Text can be added to Jupyter Notebooks using Markdown cells. Markdown is a popular markup language that is a superset of HTML. To learn more, see [Jupyter's Markdown guide](http://jupyter-notebook.readthedocs.io/en/latest/examples/Notebook/Working%20With%20Markdown%20Cells.html) or revisit the [Reproducible Research lesson on Markdown](https://github.com/Reproducible-Science-Curriculum/introduction-RR-Jupyter/blob/master/notebooks/Navigating%20the%20notebook%20-%20instructor%20script.ipynb). 


#### Now let's make a code cell below, and use print statement to print out 'hello world'

#### What if we make the the same thing a markdown cells? 

**_Question: What is the difference when you run the same lines as code or as Markdown?_**

* To learning more about navigating Jupyter Notebook: https://github.com/Reproducible-Science-Curriculum/introduction-RR-Jupyter/blob/gh-pages/notebooks/Navigating%20the%20notebook%20-%20instructor%20script.ipynb
* A Markdown cheatsheet can be found here: https://github.com/adam-p/markdown-here/wiki/Markdown-Cheatsheet

## Saving, Checkpointing and Reverting the Notebook
* The notebook wil autosave every few minutes.
* You can also create a checkpoint using the floppy/save icon on the toolbar or File -> Save and Checkpoint.
* You can revert the notebook to a saved checkpoint using File -> Revert to Saved Checkpoint.

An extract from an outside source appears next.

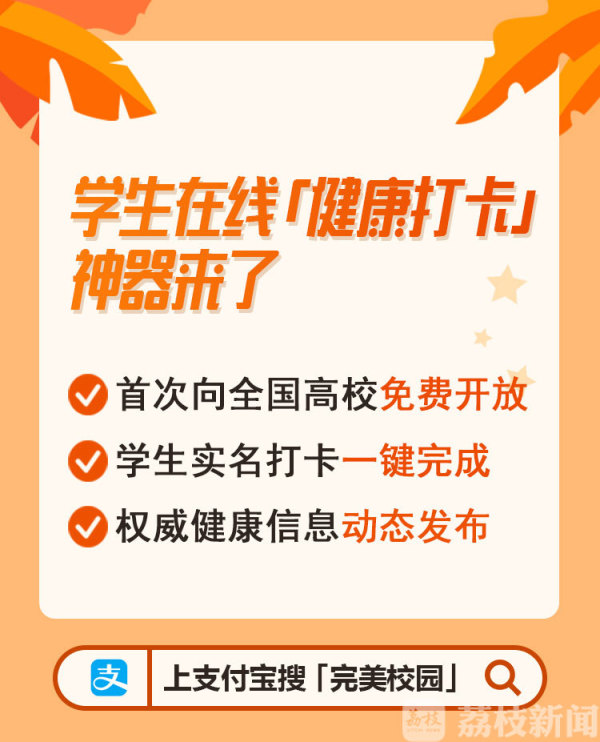 今天(2月3号)起,江苏海洋大学、齐齐哈尔大学、南京大学金陵学院等50多所高校启用 “健康打卡”在线申报系统。上支付宝搜“完美校园“,登陆本人所在高校,即可完成健康情况申报。

## Checking Reproducibility
* One of the aims of using notebooks is to produce an executable document that can be rerun to reproduce the results.
* To run cells from scratch (i.e. from a fresh kernel), Kernel -> Restart and Clear Output and then run the cells you want.
* To run all the cells in the notebook from scratch: Kernel -> Restart and Run All

__<span style="color:red">Note for reproducibility</spam>:__ Jupyter Notebook allows running cells out of order, but we highly recommend to run code cells in order all the time. If you do not know what has been run, restart the Kernel and run again.